The core philosophy behind the National AI Doctors Mission is to "make AI useful and usable for every doctor". It aims to produce doctors who understand how AI is working in healthcare and help them to integrate AI into their professional lives.
The integration of AI in healthcare has already spread skepticism and anxiety among practicing doctors. This initiative addresses these anxieties by making doctors literate on basic AI applications. The mission aims to help doctors to apply these AI tools to improve diagnostic accuracy, speed up patient care, and reduce hospital administrative workloads. When implemented properly, this can help the doctors get rid of repetitive, time-consuming bottlenecks, allowing healthcare workers to focus entirely on patient healing.

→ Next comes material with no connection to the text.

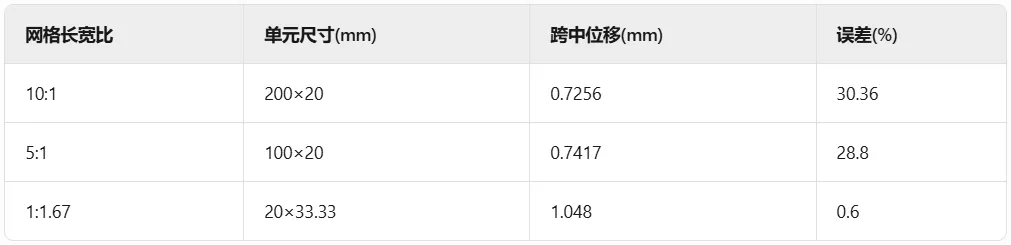值得注意的是,剪切自锁现象还受到单元长宽比的较大影响。如下表所示,有分析表明:当简支梁网格长宽比达到10:1(200mm×20mm单元)时,即使用缩减积分,跨中位移误差仍高达30%;而当采用近正方形单元(20mm×33.33mm)时,结果与理论解(1.042mm)基本吻合。

Behind this automation of healthcare sits a core issue. Who will bear the responsibility when an algorithm misses a diagnosis or comes up with an inaccurate treatment recommendation?
Indian law currently has no laws on the issue. This ambiguity is a major concern. While AI diagnostics tools can quicken the diagnosis, their reliability is questionable.
The AI diagnostic tools need structured and complete data to produce reliable outputs, but in India’s rural regions, the baseline doesn’t exist yet. Incomplete data will lead to inaccurate results, especially in places where better diagnostic support is needed. While training doctors on AI is vital for building a future-ready healthcare system, the real question remains how safely the Indian healthcare sector can adopt it.